I looked down to where He was leaning and stared in awe at what I saw. I had not seen it until just then. It was a puzzle and He was placing another piece into it. I couldn’t quite make out the picture yet, but I could tell it was forming into something that looked like me. I brought my attention back to His voice.

“I see so many of my kids whose purpose has become looking for love. That pursuit interferes with a true connection and thus many who have been abused and wounded find their value in doing and not in being.”

He placed another piece in the puzzle and I gasped as it added to the picture of a heart that was bruised and dark in color. “But isn’t it good to please others?”

“Oh, yes, many of My scriptures talk about putting others ahead of yourself, but there is balance in this, and when one’s heart, or closet, is unpacked of old wounds, it becomes easier to see the balance in this.”

As I stared at the picture again, I saw something I hadn’t seen before: This pursuit had set me up for failure, because unconsciously I had expected others to be aware of my needs, and when they couldn’t fulfill them, I moved on to the next person, the next relationship, trying desperately to fill the hole within me.

He interrupted my silent thinking. “Daughter, you had no way of knowing that your continuing to form these relationships was setting you up for the cross-generational cycle, but you have chosen to break that cycle by allowing me into your heart and allowing me into the rooms of your heart.
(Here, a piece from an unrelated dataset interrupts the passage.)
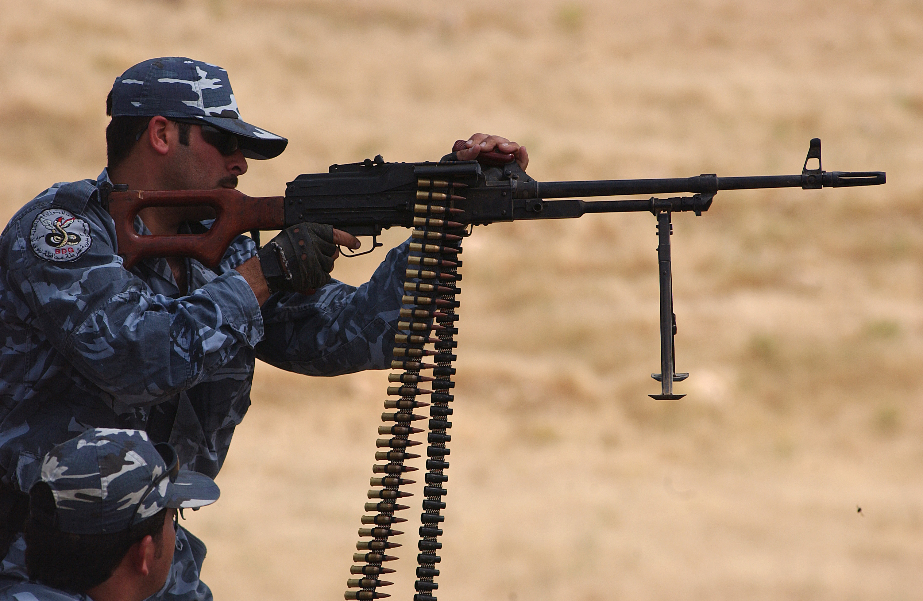 A Kurdish Peshmerga (COBRA special forces) officer fires a PKM in Mosul, (iraqi) Kurdistan. Original caption: An Iraqi police officer fires a rifle while training with international police liaison officers and members of the Civilian Police Assistance Training Team at Forward Operating Base Marez in Mosul, Iraq, May 1, 2007.

I am most delighted that we have begun the cleaning of this room which has held you in captivity for too long.”

I nodded my head in agreement.

“Now let me show you another piece.” He placed it in its spot and it added the color black to the already bleeding and bruised heart. “This is the effect of depression.” He sat up and grabbed a few more pieces. “Actually, these are what I call residual effects of child abuse.”

As He added the pieces, He named them. “Depression, death” –

My gasp interrupted Him.

“No, no, daughter, thoughts of suicide, which is a spirit of death.”
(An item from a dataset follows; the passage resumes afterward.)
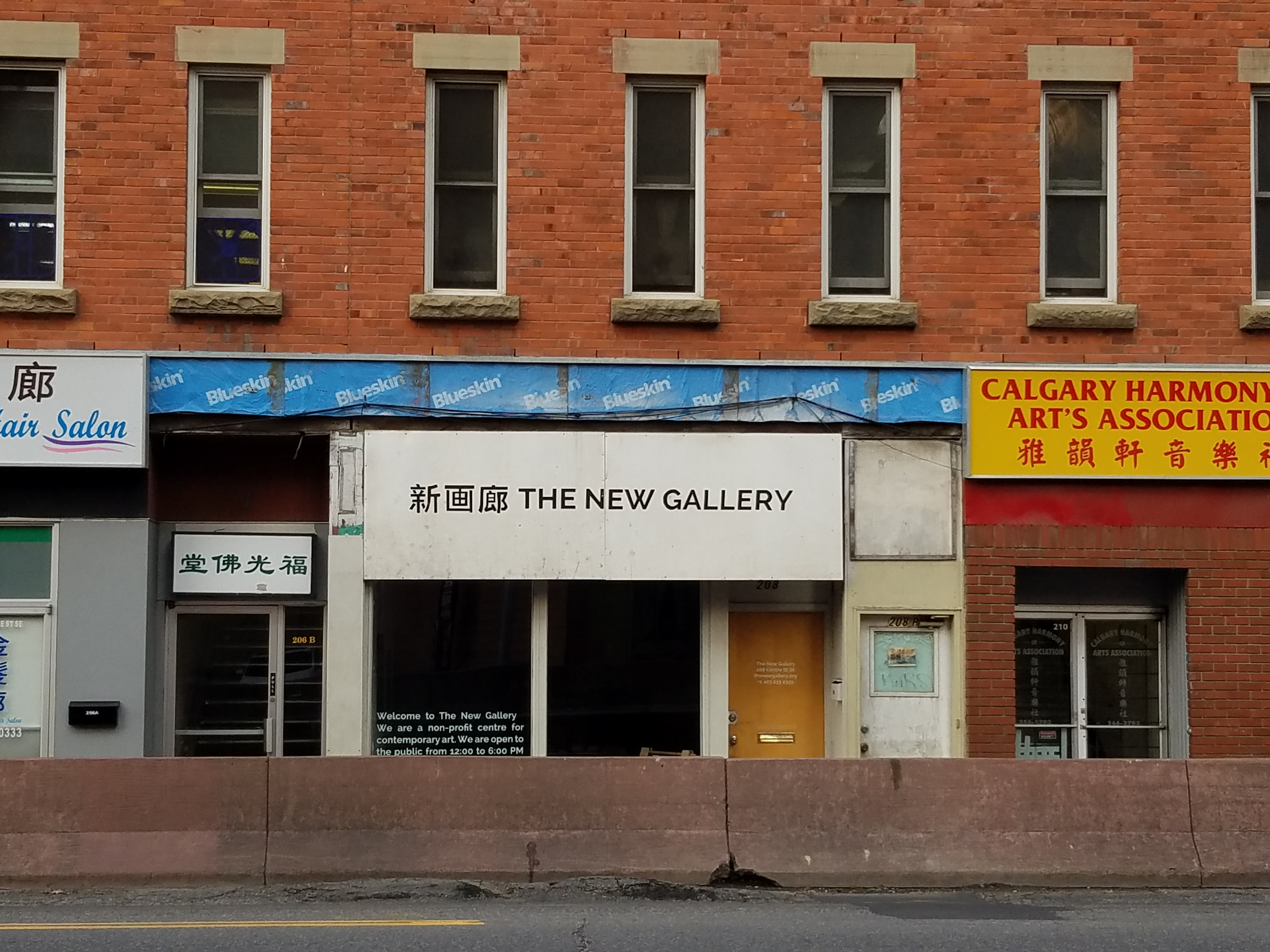 Calgary photos for CC

“Oh,” I nodded, still in a state of mixed emotion as the pieces pierced my heart with their reality in my own life.

He continued. “This one is sexual promiscuity,” and He placed the piece next to the last one. Fear went right beside it. “And then there’s anxiety.” He placed that one beside fear, surrounded by the others.

“That is one wounded heart there, Father, so dark and ugly.”

“That is why we must clean out the closet, Dear Daughter, so the effects will lose their power over your flesh and you will be better equipped to walk in My Spirit.”

Whew, I don’t know about you, but I think that’s enough cleaning for the day. Join me tomorrow for the conclusion and final cleaning of the closet!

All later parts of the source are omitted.